REQUIRED WORK: The data needs to be returned in full, exactly as it reads.

COLLECTED MATERIAL:
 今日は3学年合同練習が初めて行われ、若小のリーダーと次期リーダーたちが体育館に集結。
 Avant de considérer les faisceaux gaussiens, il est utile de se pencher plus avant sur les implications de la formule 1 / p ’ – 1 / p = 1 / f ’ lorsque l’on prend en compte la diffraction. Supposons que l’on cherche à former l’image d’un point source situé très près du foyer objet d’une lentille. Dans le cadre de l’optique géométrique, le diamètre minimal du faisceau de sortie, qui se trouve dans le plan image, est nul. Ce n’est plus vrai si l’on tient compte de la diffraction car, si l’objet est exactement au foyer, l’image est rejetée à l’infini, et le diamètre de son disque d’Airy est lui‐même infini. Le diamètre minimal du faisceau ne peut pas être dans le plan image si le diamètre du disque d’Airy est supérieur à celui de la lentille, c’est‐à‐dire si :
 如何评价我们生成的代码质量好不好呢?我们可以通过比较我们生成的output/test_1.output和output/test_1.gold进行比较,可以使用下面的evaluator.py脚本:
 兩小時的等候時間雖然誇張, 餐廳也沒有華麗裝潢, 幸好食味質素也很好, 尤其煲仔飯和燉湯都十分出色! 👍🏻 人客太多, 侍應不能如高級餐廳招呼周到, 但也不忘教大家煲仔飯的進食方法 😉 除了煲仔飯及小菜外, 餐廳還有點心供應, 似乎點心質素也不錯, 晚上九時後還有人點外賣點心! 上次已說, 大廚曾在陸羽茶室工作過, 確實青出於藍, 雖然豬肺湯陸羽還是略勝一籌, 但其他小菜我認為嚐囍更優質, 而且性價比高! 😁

REPLY TO THE TASK:
 今日は3学年合同練習が初めて行われ、若小のリーダーと次期リーダーたちが体育館に集結。
 Avant de considérer les faisceaux gaussiens, il est utile de se pencher plus avant sur les implications de la formule 1 / p ’ – 1 / p = 1 / f ’ lorsque l’on prend en compte la diffraction. Supposons que l’on cherche à former l’image d’un point source situé très près du foyer objet d’une lentille. Dans le cadre de l’optique géométrique, le diamètre minimal du faisceau de sortie, qui se trouve dans le plan image, est nul. Ce n’est plus vrai si l’on tient compte de la diffraction car, si l’objet est exactement au foyer, l’image est rejetée à l’infini, et le diamètre de son disque d’Airy est lui‐même infini. Le diamètre minimal du faisceau ne peut pas être dans le plan image si le diamètre du disque d’Airy est supérieur à celui de la lentille, c’est‐à‐dire si :
 如何评价我们生成的代码质量好不好呢?我们可以通过比较我们生成的output/test_1.output和output/test_1.gold进行比较,可以使用下面的evaluator.py脚本:
 兩小時的等候時間雖然誇張, 餐廳也沒有華麗裝潢, 幸好食味質素也很好, 尤其煲仔飯和燉湯都十分出色! 👍🏻 人客太多, 侍應不能如高級餐廳招呼周到, 但也不忘教大家煲仔飯的進食方法 😉 除了煲仔飯及小菜外, 餐廳還有點心供應, 似乎點心質素也不錯, 晚上九時後還有人點外賣點心! 上次已說, 大廚曾在陸羽茶室工作過, 確實青出於藍, 雖然豬肺湯陸羽還是略勝一籌, 但其他小菜我認為嚐囍更優質, 而且性價比高! 😁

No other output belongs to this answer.